• Problem to solve: Do not include the pictures; repeat the rest of the data exactly.

• Given information:
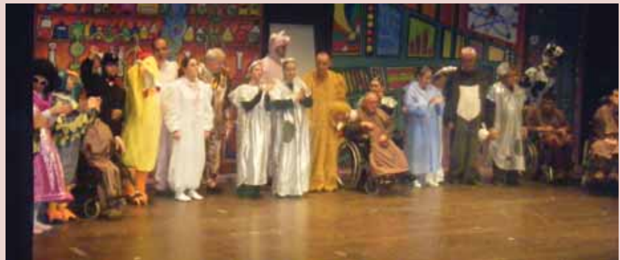
Aquest any també rebrem els aplaudiments del públic
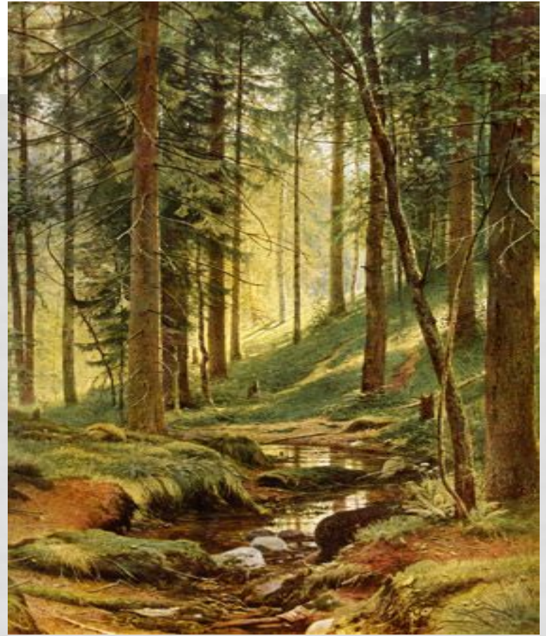
Струмок у лісі(1882), Шишикін
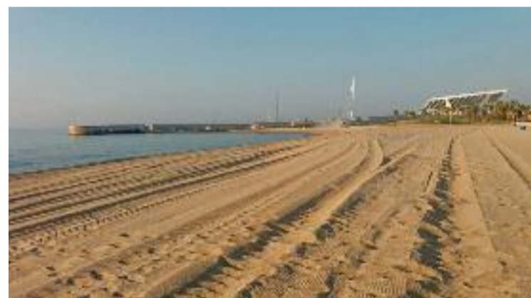
La platja del Fòrum és l'única oberta al municipi.
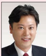
山形県議会議員 斎藤 俊一郎

• Finished task:
Aquest any també rebrem els aplaudiments del públic
Струмок у лісі(1882), Шишикін
La platja del Fòrum és l'única oberta al municipi.
山形県議会議員 斎藤 俊一郎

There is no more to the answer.